# Work required
Locate the line that contains "军事训练手册评分标准表1. 引言本军事训" in the data that follows. Copy it and every subsequent line to the end, exactly, excluding pictures.

[Dataset records]
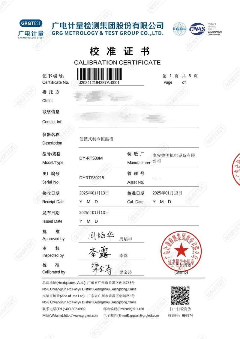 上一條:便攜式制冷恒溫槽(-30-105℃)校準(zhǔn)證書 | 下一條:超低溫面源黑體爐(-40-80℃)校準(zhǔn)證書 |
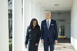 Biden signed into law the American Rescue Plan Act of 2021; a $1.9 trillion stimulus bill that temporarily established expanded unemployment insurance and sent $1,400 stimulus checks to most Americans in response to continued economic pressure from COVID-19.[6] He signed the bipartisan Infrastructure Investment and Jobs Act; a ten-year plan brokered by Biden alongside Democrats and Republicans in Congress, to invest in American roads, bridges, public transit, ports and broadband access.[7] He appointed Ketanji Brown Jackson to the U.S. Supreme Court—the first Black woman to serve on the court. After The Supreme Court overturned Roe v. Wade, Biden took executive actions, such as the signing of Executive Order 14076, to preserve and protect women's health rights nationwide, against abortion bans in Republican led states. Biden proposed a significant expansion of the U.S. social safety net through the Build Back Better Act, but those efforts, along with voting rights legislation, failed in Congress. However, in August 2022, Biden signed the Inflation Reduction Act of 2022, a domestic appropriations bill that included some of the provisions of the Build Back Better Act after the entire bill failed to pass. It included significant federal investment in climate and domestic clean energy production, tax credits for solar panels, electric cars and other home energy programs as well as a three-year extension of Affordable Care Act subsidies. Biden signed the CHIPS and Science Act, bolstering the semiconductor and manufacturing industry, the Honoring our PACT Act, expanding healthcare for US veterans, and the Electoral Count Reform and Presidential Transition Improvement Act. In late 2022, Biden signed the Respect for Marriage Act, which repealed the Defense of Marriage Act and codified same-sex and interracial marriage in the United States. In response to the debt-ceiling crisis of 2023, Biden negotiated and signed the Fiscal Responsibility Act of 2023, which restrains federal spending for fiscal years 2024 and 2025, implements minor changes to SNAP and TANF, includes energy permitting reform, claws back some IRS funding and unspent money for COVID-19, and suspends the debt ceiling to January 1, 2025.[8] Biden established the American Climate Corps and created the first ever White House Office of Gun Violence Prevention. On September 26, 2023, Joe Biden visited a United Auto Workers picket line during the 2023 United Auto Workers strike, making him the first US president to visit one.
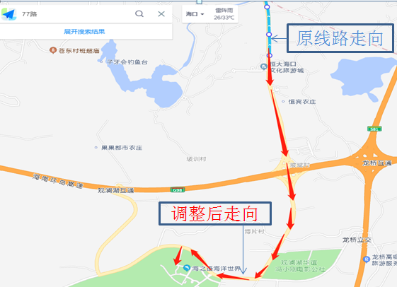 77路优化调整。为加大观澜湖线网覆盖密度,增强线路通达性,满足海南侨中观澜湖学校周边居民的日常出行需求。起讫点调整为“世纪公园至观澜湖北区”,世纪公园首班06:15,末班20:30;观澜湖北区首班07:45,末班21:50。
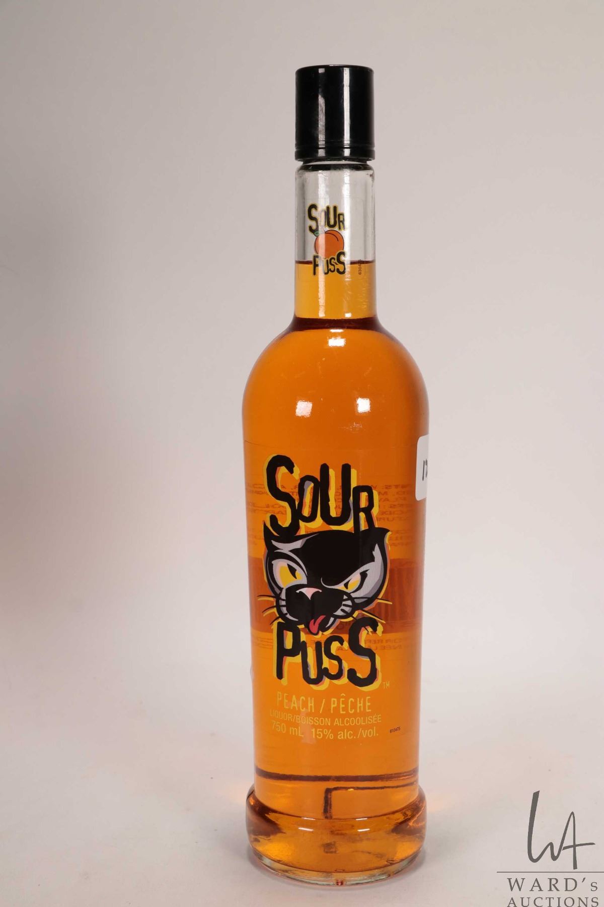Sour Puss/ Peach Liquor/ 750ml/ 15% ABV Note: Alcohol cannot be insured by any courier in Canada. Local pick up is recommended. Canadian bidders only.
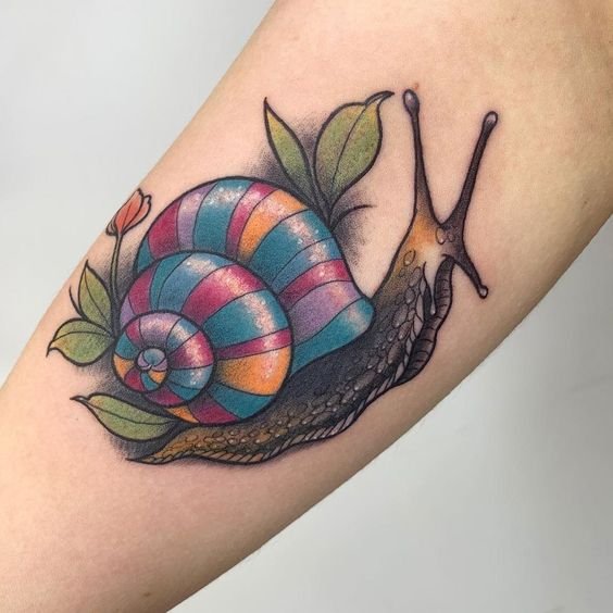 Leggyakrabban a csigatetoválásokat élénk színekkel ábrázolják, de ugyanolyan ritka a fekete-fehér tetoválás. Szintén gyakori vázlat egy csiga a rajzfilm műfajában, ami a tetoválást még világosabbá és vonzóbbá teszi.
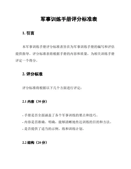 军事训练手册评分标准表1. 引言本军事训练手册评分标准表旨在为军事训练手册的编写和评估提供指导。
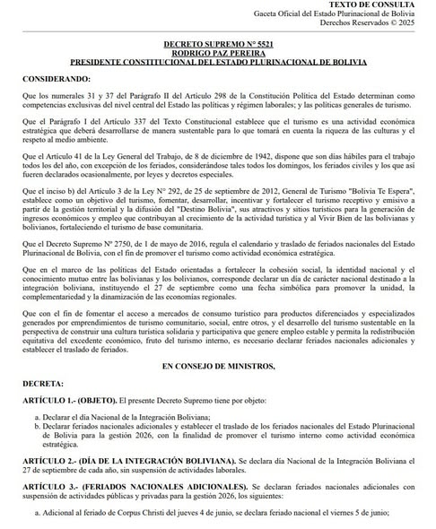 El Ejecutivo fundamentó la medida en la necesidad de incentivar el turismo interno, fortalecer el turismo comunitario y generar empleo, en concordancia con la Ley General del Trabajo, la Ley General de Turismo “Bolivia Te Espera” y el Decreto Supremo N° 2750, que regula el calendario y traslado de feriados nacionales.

# Exercise solution
 军事训练手册评分标准表1. 引言本军事训练手册评分标准表旨在为军事训练手册的编写和评估提供指导。
 El Ejecutivo fundamentó la medida en la necesidad de incentivar el turismo interno, fortalecer el turismo comunitario y generar empleo, en concordancia con la Ley General del Trabajo, la Ley General de Turismo “Bolivia Te Espera” y el Decreto Supremo N° 2750, que regula el calendario y traslado de feriados nacionales.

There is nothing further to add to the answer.